[Supplied data Boundary: Start]
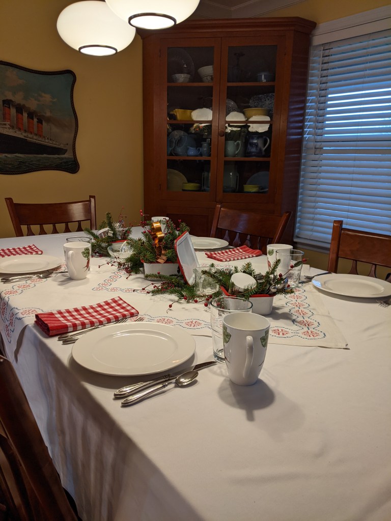 The table is set for breakfast with white plates, mugs and glasses, flatware, and red checked napkins.
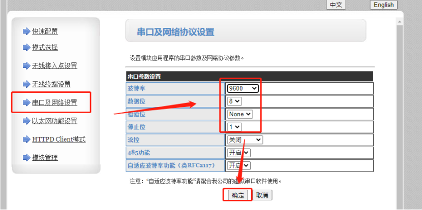 3)在串口及網(wǎng)絡設(shè)置,波特率等參數(shù)修改成和要接的串口設(shè)備一致。(這里測試修改成9600),點擊確定。工作模式設(shè)置TCP server,設(shè)置本地端口:5566,點擊確定。
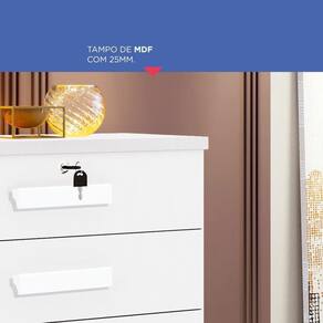 Essa linda cômoda , com acabamento em MDF e pintura UV, era o que faltava para completar seu dormitório. Composta por 05 ( cinco ) gavetas super amplas e 01 ( uma) com chave , você poderá organizar todos seus pertences, e ainda ter a segurança de uma gaveta mestre com fechadura. Ela é o complemento perfeito para o seu quarto, com uma variedade de cores que atende a qualquer decoração. Não perca tempo e garanta já a sua. Produto Montado: Sim Acabamento da Gaveta: Pintura UV Ambiente Principal: Quarto codigo_ean: 7909903441671 Complexidade da Montagem: Baixa: pode ser montado por uma pessoa sozinha Cor: Branco Cor do Produto: Branco Escala de Brilho: Brilhante Gaveta com Chave: Sim Itens Inclusos: 1 Cômoda, Kit Ferragens e Manual de Montagem Manual de Montagem e Instalação: https://product-hub-prd.madeiramadeira.com.br/872840/documents/808dd8dd-537c-427c-9ef4-dae3628158351557362comodaipanema.pdf Material da Gaveta: MDP Material do Fundo: MDF Material Principal: MDP Necessita Montagem: Sim Origem do Produto: Nacional Peso: 45 kg Peso Máximo por Gaveta: 5 kg Possui Espelho: Não Possui Nichos: Não Possui Pés: Não Possui Portas: Não Possui Prateleiras: Não Quantidade de Gavetas: 05 Gavetas Recomendações de Uso, Manutenção e Limpeza: Pano levemente umedecido e depois passar um pano seco. Não utilizar produtos de limpeza abrasivos, nem esponjas de aço. Sapatas Niveladoras: Não Sistema de Montagem: Parafusos, Cavilhas Suporta Até (kg): 30 kg Tipo de Corrediça da Gaveta: Metálica Telescópica Tipo de Puxador da Gaveta: Externo Ean: 7909903441671
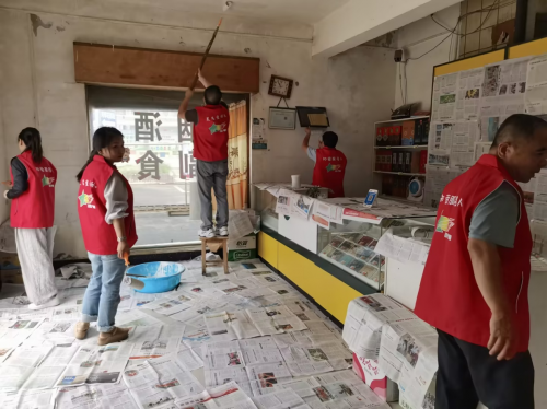 图为烟草工作人员协助终端店铺进行改造升级 余倩摄
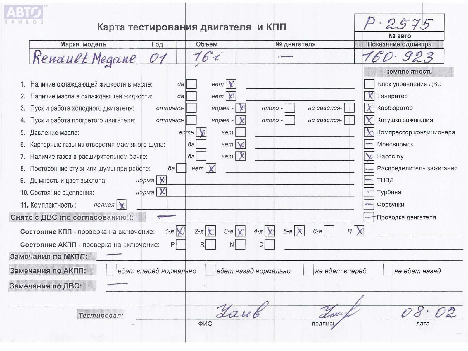 | Автомобиль / VIN: | P2575 VF1DA1J0524522266 |
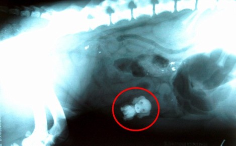 中新网5月8日电 英国柴郡一只叫做阿尔菲的猎犬向大家证明了世上确实是有“狗吃狗”一事,据英国《每日邮报》报道,这只猎犬近日来不吃不喝,病得非常严重。通过对其进行X光检查,主人发现它的病是因为吞掉了一只玩具小狗而引起的。
[Supplied data Boundary: End]
• Task description:
Take the lines of the material above from the first through the one containing "3)在串口及網(wǎng)絡", both included, and print them exactly without the pictures.

• Response for this exercise:
 The table is set for breakfast with white plates, mugs and glasses, flatware, and red checked napkins.
 3)在串口及網(wǎng)絡設(shè)置,波特率等參數(shù)修改成和要接的串口設(shè)備一致。(這里測試修改成9600),點擊確定。工作模式設(shè)置TCP server,設(shè)置本地端口:5566,點擊確定。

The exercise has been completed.